I ran into this same problem, but was able to get PCscope to install by extacting & moving the rar/zip file out of the downloads directory and then installing it.
Can anyone modifications which will allow measuring voltages from -5V to 5V instead of 0V to 5V?
nice work, im impressed but why cant we display sine wave and what modifications if any to make it display sine wave
Can we use this to measure output power of Audio Amplifier ics like tda2030A ?
what is con1 in this project?
and can you tell me where to buy this??????

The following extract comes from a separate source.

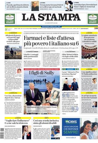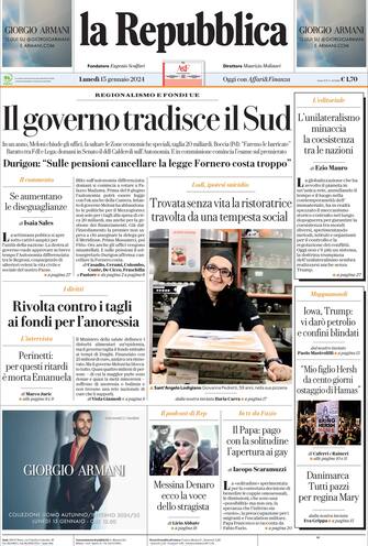 - “Farmaci e liste d'attesa, più povero un italiano su 6”, l'apertura è dedicata alla crisi sanitaria che aumenta le diseguaglianze nel Paese: sempre più persone rinunciano alle cure. La spalla è dedicata ai primi 100 giorni della guerra in Medio Oriente
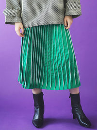 重量感のある素材と、きれいなグリーンに配色になったホワイトのラインが際立つプリーツスカート。ウエストのカラフルなロゴデザインもアクセント。シーズンレスでどんなコーデにも使いやすいおすすめの一点。

Thank you works well and I also added 2 attenuators to the circuit with different test lead sockets, works perfect it dose need a trigger and way of adjusting voltage zero location on display
Is it possible to connet this PC-software like ….
STM32Necleo_L476RG (UART) > UART-USB converter > NetBook
The software is well installed and I got the EFY’s PC Scope window. And COM port 5 is assigned but the window shows “Unable to find HW. Click “Connect’ to search again”
Is there any comments?
Hi,Efy ,whether i can get source code of software (pc oscilloscope),waiting for ur valuable Reply.
The Source Code is present at the end of the article.
You’re wrong. Check it. There is no source code for the PC application, only the installer. The source code in the RAR is the sketch for Arduino.
Hi, thanks for the program. It ran first time on my Arduino Uno and PCScope running on a Ubuntu Linux PC. Well done.
You are most welcome.
this is great! but can i use it to measure pulsating dc signal from full bridge rectifier? anyway, thanks for sharing!
Reply from author Ramalingam Balaji : Yes. Pulsating DC signal can be measured as long as the ground of rectifier does no go negative with respect to Arduino ground.
hi when i want to uplode the code this error (‘ADCSRA’ was not declared in this scope) is shown
what should i do for it?
Do you have version of pcscope for mac?
No, not for Mac, sorry
Can you share Lab Windows source file please
Please download it from the link given in the article above.
Good day sir! Can I use this project with my project for a contest? Is it enough to mention your names and this article in my citations? Thank you so much for your response.
Yes, you can use it.
Thank you Sir.
You are welcome.
Can I store the readings as a data in .txt or.csv format.
Hi,is there a way to open the source code to change add some features? I can’t seen to find a way to open PCScope.001 and .002 on LabWindows. I want to add a period display and more control over the graph,but I can’t open those files
How can I edit the source code to add more functions in LabWindows?
Hi all. This looks great, but unfortunately I can’t get PC Scope to connect to the Arduino. Keeps telling me to try to connect again. Any hints?
When you connect the Arduino board to PC/Laptop, select the correct COM port followed by clicking on “Connect” button in PC Scope software
Wow
What a amazing little tool. It worked great. I tried adding more resistance to change the voltage reading but I’m still getting the exact same reading. So I’m a little dumbfounded. Shouldn’t changing to 15K ohm drop the voltage?
Link del software y codigo estan caidos, pudieran compartir de nuevo
Link del software y codigo estan caidos, pudieran compartir de nuevo
Looks like the software can’t find the com port the arduino is connected to. The Arduino IDE does identify the port.
Not sure how to solve this.
Is there a way to cleanly remove the pcscope program — it doesn’t show up in the add/remove program list.